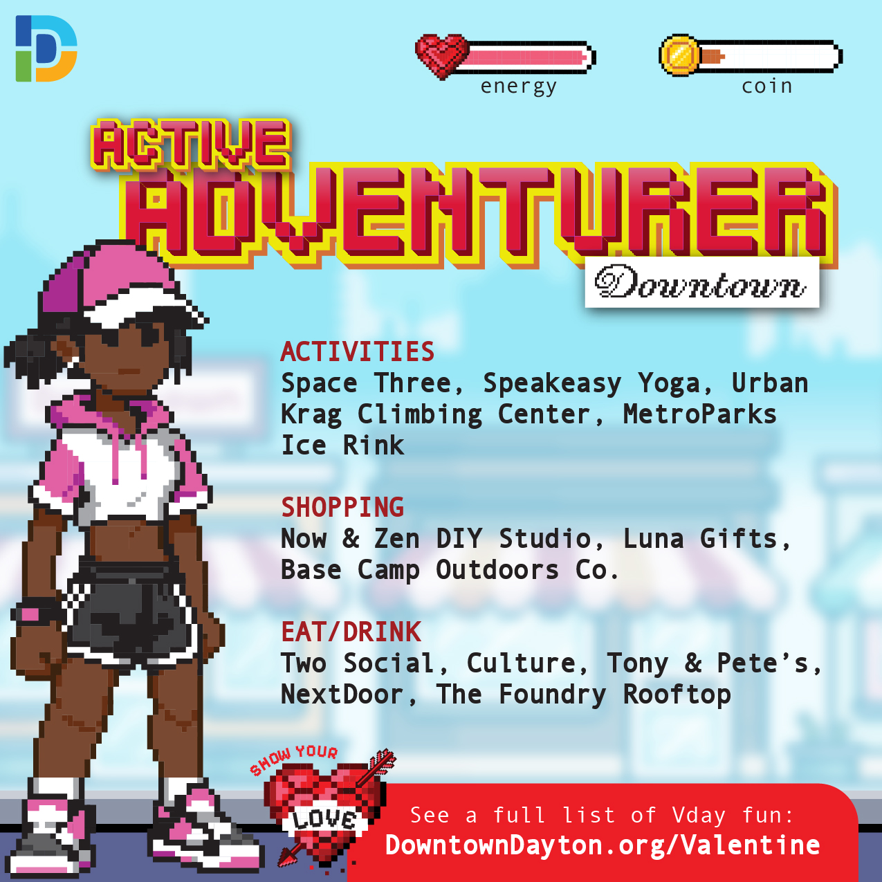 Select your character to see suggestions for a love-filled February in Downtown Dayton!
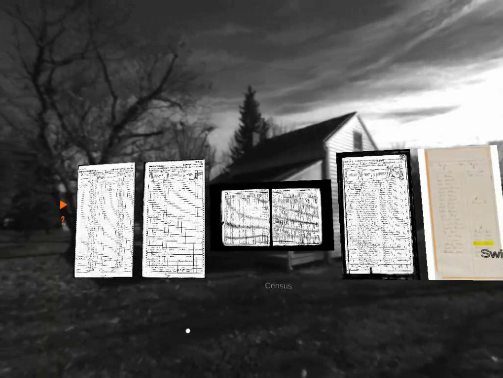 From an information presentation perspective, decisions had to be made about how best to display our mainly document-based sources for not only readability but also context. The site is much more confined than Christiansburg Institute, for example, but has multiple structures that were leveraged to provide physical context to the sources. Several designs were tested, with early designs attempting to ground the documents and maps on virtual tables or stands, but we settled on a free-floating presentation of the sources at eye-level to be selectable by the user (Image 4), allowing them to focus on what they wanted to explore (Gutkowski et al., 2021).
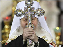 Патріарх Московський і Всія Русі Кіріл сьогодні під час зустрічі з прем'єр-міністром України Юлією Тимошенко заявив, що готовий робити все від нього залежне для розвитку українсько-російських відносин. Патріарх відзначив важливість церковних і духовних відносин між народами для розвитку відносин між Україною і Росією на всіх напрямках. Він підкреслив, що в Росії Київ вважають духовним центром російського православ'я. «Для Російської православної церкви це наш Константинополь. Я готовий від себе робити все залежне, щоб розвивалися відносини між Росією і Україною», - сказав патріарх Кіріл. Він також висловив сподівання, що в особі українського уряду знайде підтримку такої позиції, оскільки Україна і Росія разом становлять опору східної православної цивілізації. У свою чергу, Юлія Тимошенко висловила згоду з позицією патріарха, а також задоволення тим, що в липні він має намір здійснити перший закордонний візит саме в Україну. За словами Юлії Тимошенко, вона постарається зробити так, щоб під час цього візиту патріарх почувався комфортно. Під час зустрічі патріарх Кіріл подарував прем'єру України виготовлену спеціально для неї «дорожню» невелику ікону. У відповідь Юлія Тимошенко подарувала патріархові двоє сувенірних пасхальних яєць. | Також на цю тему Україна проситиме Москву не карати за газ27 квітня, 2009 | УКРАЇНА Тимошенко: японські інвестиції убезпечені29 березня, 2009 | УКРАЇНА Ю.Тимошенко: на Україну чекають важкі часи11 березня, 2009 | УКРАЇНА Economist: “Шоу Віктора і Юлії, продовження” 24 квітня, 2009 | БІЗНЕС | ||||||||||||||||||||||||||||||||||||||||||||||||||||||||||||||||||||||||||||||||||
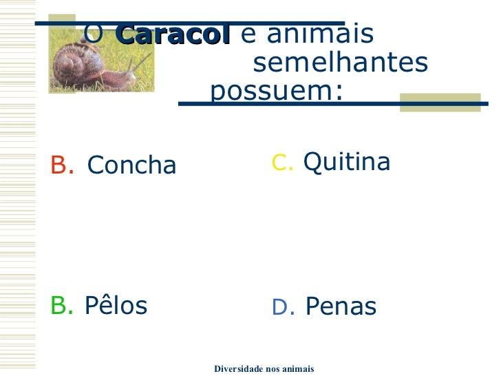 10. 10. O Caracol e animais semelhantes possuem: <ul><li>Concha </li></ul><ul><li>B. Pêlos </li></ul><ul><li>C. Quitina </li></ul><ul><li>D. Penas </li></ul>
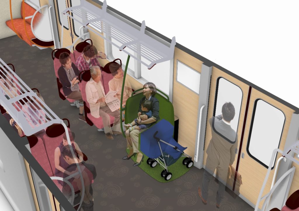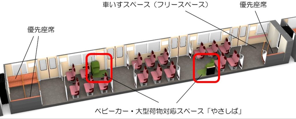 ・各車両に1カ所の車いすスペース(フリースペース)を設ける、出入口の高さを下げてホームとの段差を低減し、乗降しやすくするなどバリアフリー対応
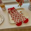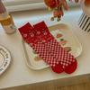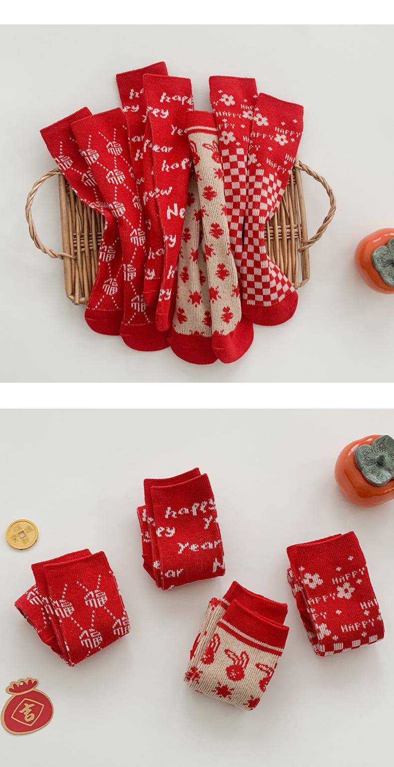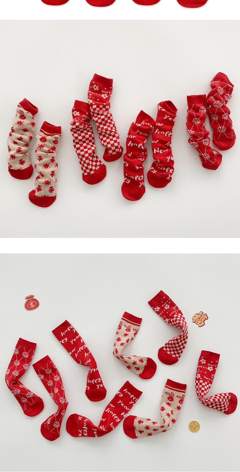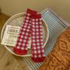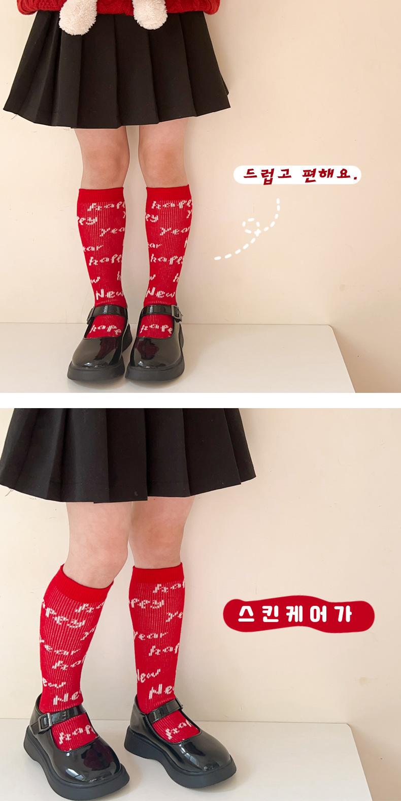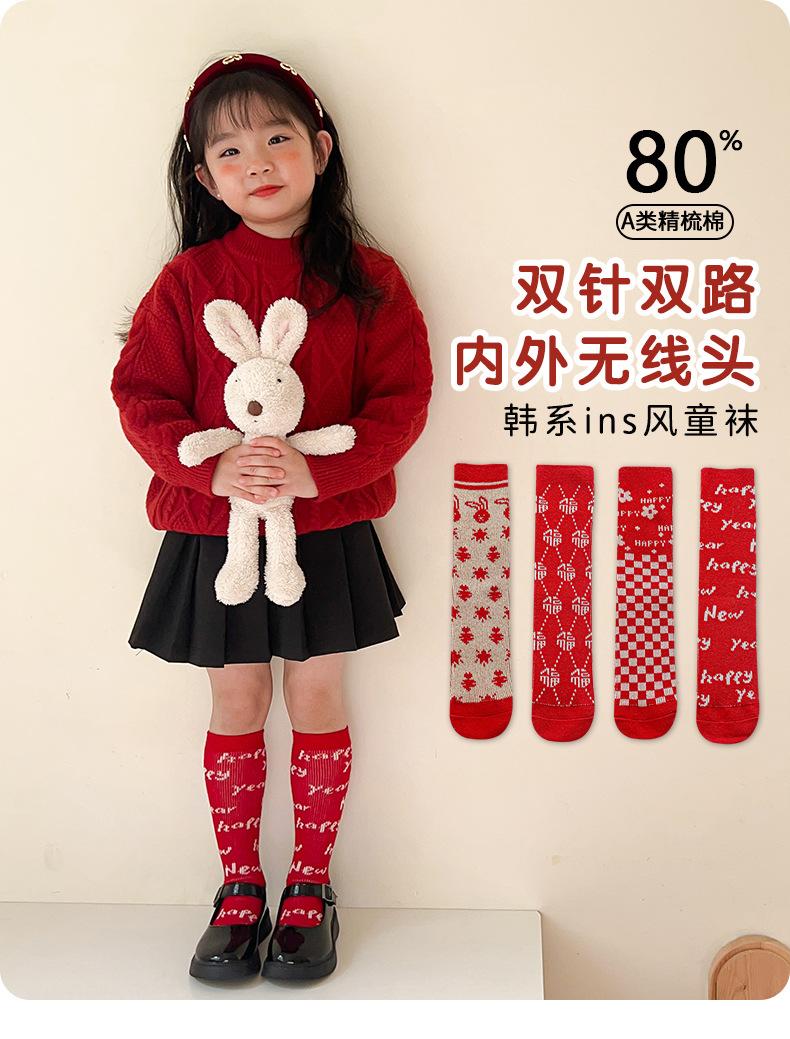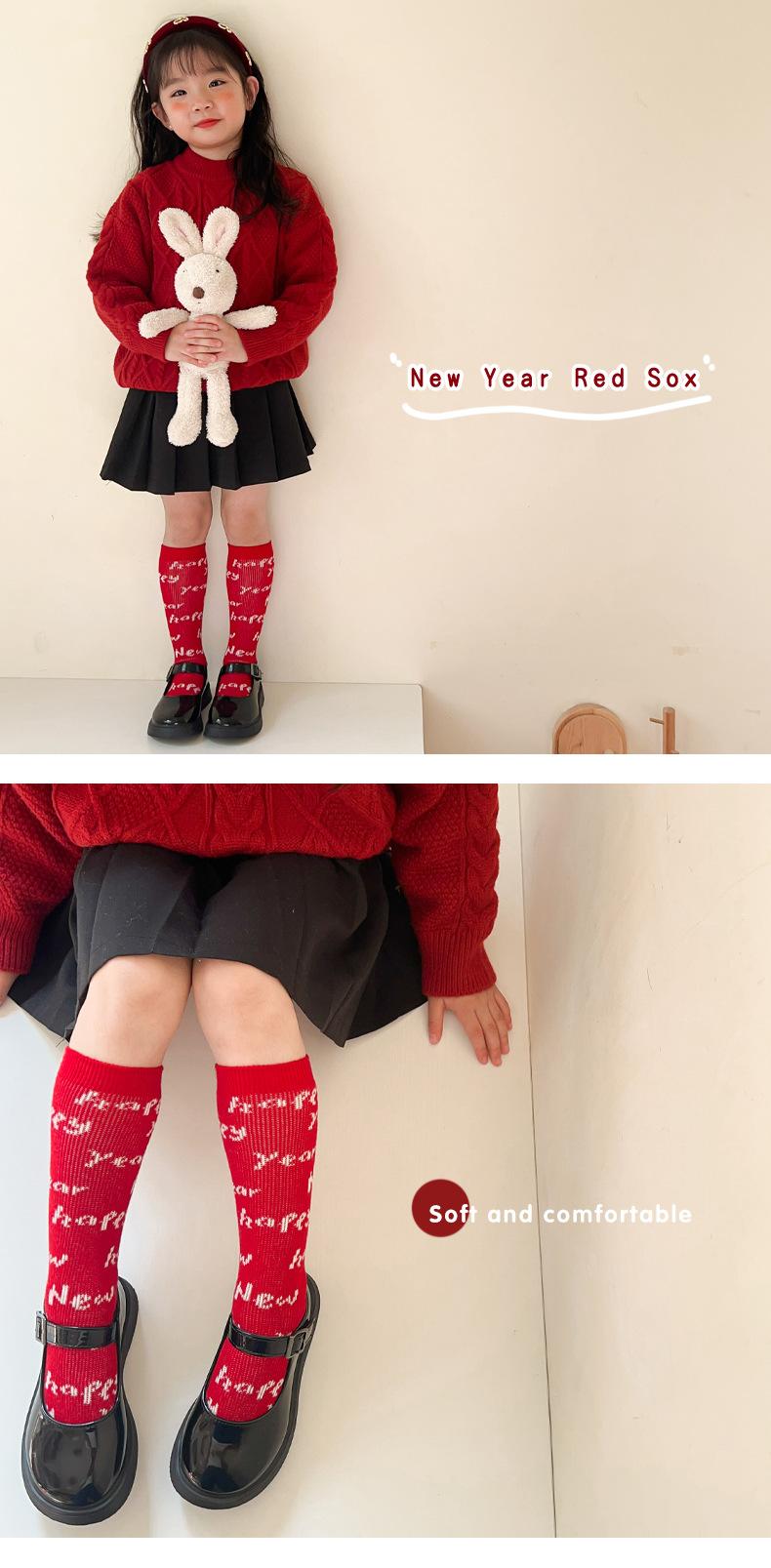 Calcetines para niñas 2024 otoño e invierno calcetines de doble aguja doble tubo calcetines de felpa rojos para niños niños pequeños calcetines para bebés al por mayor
○ ○ ○ ○ ○ ○ ○
● **Assignment**
Please return exactly the lines above, from where the listing starts to the line holding "From an information", inclusive, with the pictures omitted.

● **Expected output**
 Select your character to see suggestions for a love-filled February in Downtown Dayton!
 From an information presentation perspective, decisions had to be made about how best to display our mainly document-based sources for not only readability but also context. The site is much more confined than Christiansburg Institute, for example, but has multiple structures that were leveraged to provide physical context to the sources. Several designs were tested, with early designs attempting to ground the documents and maps on virtual tables or stands, but we settled on a free-floating presentation of the sources at eye-level to be selectable by the user (Image 4), allowing them to focus on what they wanted to explore (Gutkowski et al., 2021).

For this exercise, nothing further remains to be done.